Slow and Steady Wins the Race?

This discussion is not to insinuate that gold has no legs on which to stand when compared with Bitcoin. Gold has the clear advantage when it comes to trust and reliability. Events that could drastically change the allure to Bitcoin could come in the way of a change in consumer preferences, new technological disruptions or a crackdown on the currency by governments.

Gold falls under the old adage of, “The best indicator of future results is past performance.” Gold has something that Bitcoin lacks and that is 10 centuries of being a good preserver of wealth. When considering the issues of trust and one’s willingness to store value in a particular asset, gold is by far the clear cut winner. Even when governments have sought to restrict its usage or outlaw it, gold has continued to demonstrate that it is a storehouse of value. Supporting this belief is when in 1933, President Franklin D. Roosevelt put into place measures to prohibit and criminalize the possession of gold. The value of gold survived.

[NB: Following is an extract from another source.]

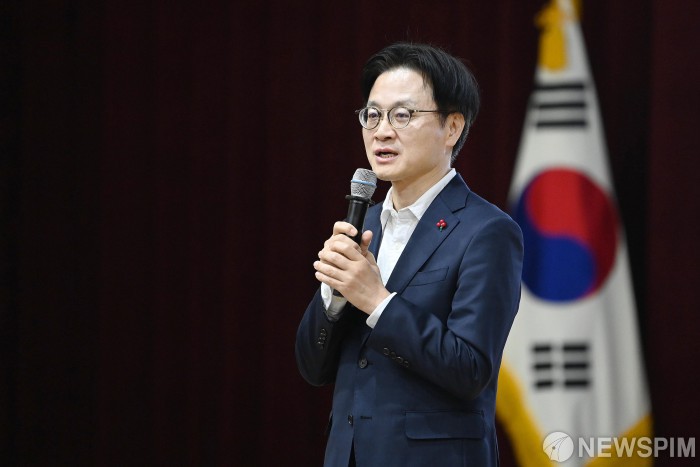 [서울=뉴스핌] = 김정관 산업통상부 장관이 25일 정부세종청사 12동 대강당에서 산업부 본부 및 소속기관 직원이 참석한 가운데 열린 산업통상부 타운홀미팅에서 인사말을 하고 있다. [사진=산업통상부] 2025.11.25 photo@newspim.com

Another advantage of gold over Bitcoin is that it’s not dependent on operation of the Interne. This offers gold some protection from oppressive regimes. There’s nothing standing in the way of these regimes from shutting down the Internet in their country under the guise of national security issues. The net result would be that people in those countries would not be able to utilize Bitcoin.

Elemental Value

In comparison with Bitcoin, gold has proven itself resistant to technological disruptions. Even though Bitcoin has risen in popularity, it could still be knocked off its perch with relative ease. Furthermore, if Bitcoin is not able to attract new users and provide a decent medium regarding user experience, its popularity will take an extreme hit thus causing its value to decline.

This begs the question, will a manmade system like Bitcoin be valuable 50 years from now? This is an important question to consider when investing. Because as the alternative you have the consistency of gold, which continues to plod ahead, withstanding the test of time. Gold is not some rock you put in the garden or a piece of jewelry to be placed on your dresser, it’s an element which is a very low-risk store of value. As time has proven, gold will still be valuable 50 years from now.

Conclusion: Are Gold and Bitcoin Complementary or Substitutionary?

There appears to be little meaning in discussing whether Bitcoin will replace gold as the universal store of value, or if gold will-hold off the new competitor. Rather than discussing the possibility of Bitcoin becoming a substitution for gold, it is better to discuss how to diversify one’s investment portfolio using both assets of value. Furthermore, investors in the know will determine the allocation of each asset according to the risk profile of their respective investment portfolios. As with all investments, be diligent in your research and careful in your application.